** Opening Supplied material block **
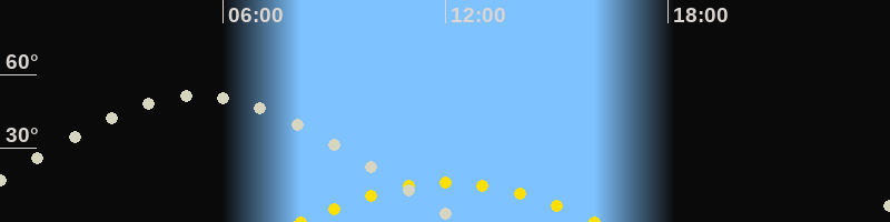 | Höchster Sonnenstand (Kulmination) | 12:05 Uhr (h = 16°) |
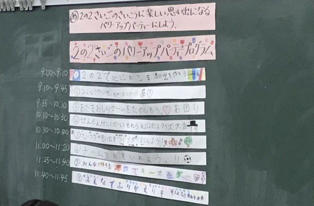 (この最後の学活は、担任の先生と子どもたち、保護者の方の時間なので極力顔を出さないようにしています。写真からの推測です)
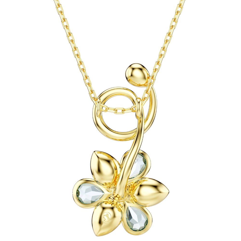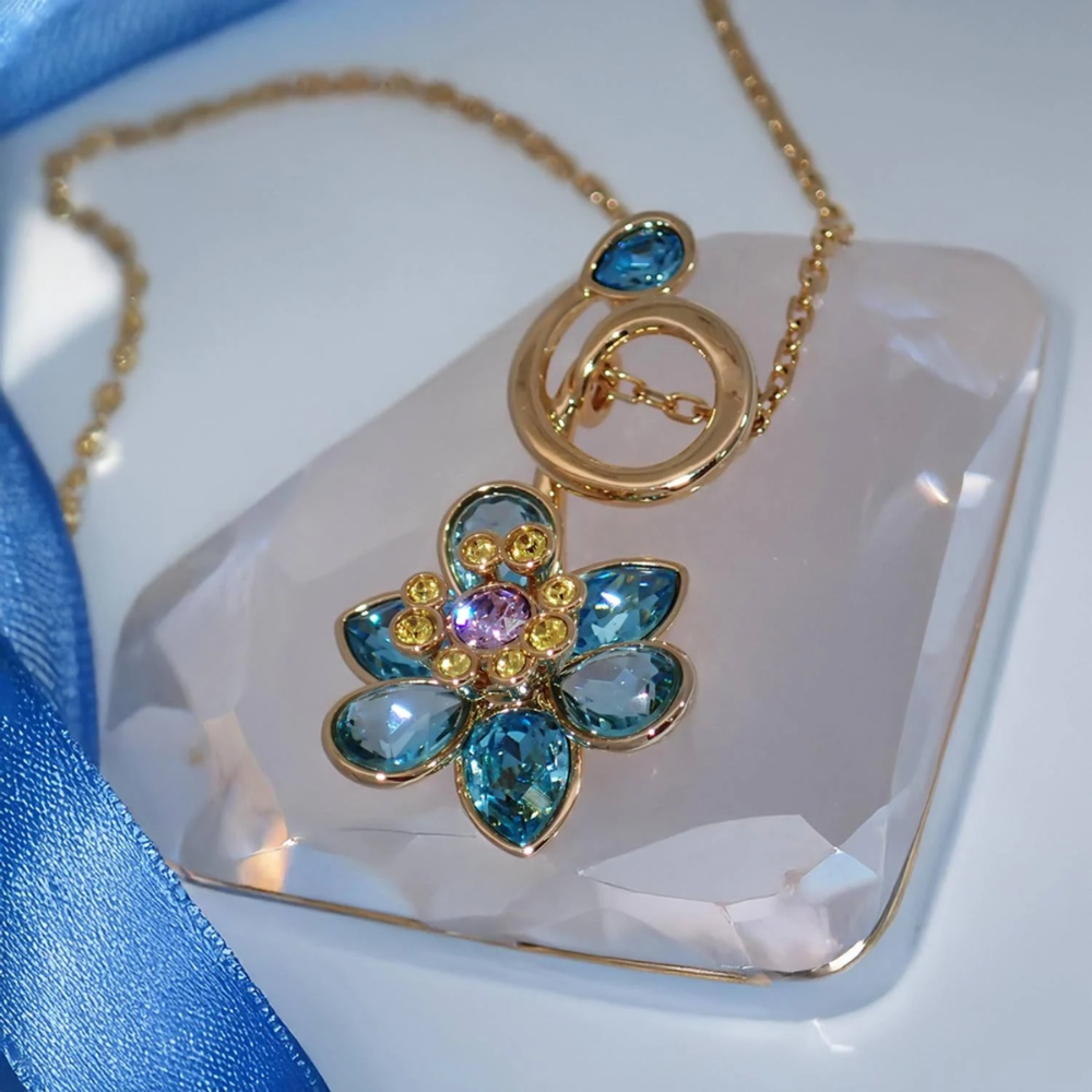 Illuminate your style with this crystallized tribute to nature. Suspended from a delicate chain, the central motif is shaped like a flower, with radiant blue petals and a gold-plated stem. The mix of shapes and hues gives this Idyllia pendant an infusion of joy that will brighten your day.
** Closing Supplied material block **
Task description:
Give back the material above exactly, with each picture removed.

Result of the task:
 | Höchster Sonnenstand (Kulmination) | 12:05 Uhr (h = 16°) |
 (この最後の学活は、担任の先生と子どもたち、保護者の方の時間なので極力顔を出さないようにしています。写真からの推測です)
 Illuminate your style with this crystallized tribute to nature. Suspended from a delicate chain, the central motif is shaped like a flower, with radiant blue petals and a gold-plated stem. The mix of shapes and hues gives this Idyllia pendant an infusion of joy that will brighten your day.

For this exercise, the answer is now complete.